I had a question for the deputy minister. I asked the minister several questions about the clean fuel standard and the announcement this morning. We're getting an impression about what's going to happen to our resource sector in Canada, and it doesn't feel like a good one.
I'm up in northern B.C., in northern gas central, where we have some of the biggest gas plays in North America, if not the world. We've always held that if our natural gas makes its way around the world, we can actually reduce the current emissions that are out there, yet we have a current government that seems to just look at Canada and Canada's geographical footprint and seems to want to impede any kind of export of that clean fuel that we're trying to accomplish.

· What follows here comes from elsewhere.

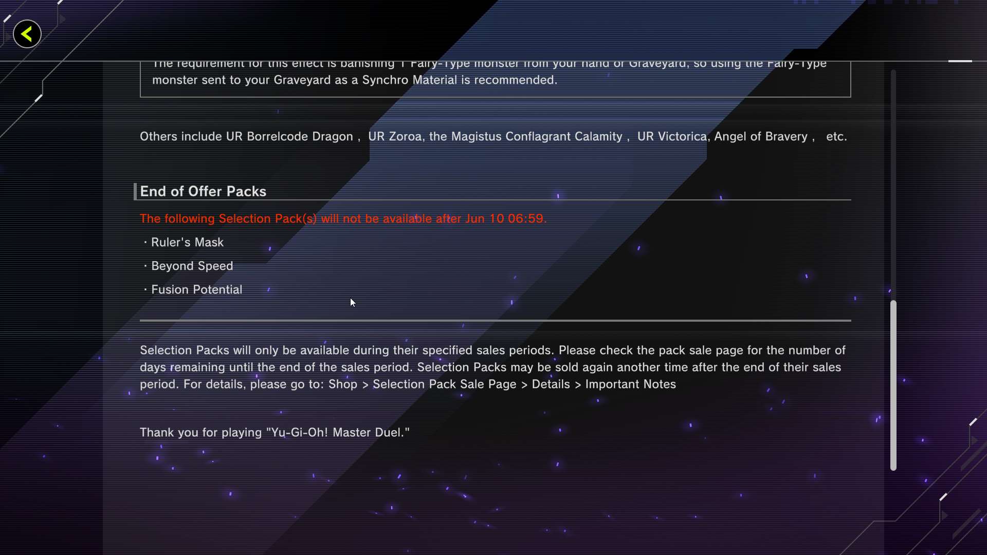 With the introduction of a new pack comes the removal of older ones. Ruler's Mask, Beyond Speed and Fusion Potential will all be removed once Valiant Wings comes to the shop. The first two were added to the game a couple of months ago, while the latter was added about a month ago and is quite surprising to see it leave so soon. If you're planning on getting cards from either of these packs, now's your last chance!

I know that a whole bunch of my constituents go to work every day in the cold and provide natural gas so that we stay warm in the winter. It seems that all this government understands is either to tax it more or to tax people's staying warm in the winter, because I guess for some reason this Liberal government thinks it's optional to stay warm in Canada, when it simply isn't.
Furthermore, on what I said before about shipping and our high standards, it's not only employment standards, but our exploration standards. To ship those around the world, I think is something that Canada needs to do more of, not less.
Let me just read a quote from the Financial Post article that I was quoting for the minister. This is on the clean fuel standard. Maybe you can explain and correct me if I'm wrong. The article says:
The standard will introduce a country-wide carbon credit trading scheme and include harsh per-tonne penalties. Going a step further, Canada will be the first jurisdiction in the world to extend its regulations to cover gaseous fuels, like propane or natural gas....
Maybe you can just explain—I hope I'm not right in this—that the good natural gas and natural resource jobs won't be impacted by this clean fuel standard.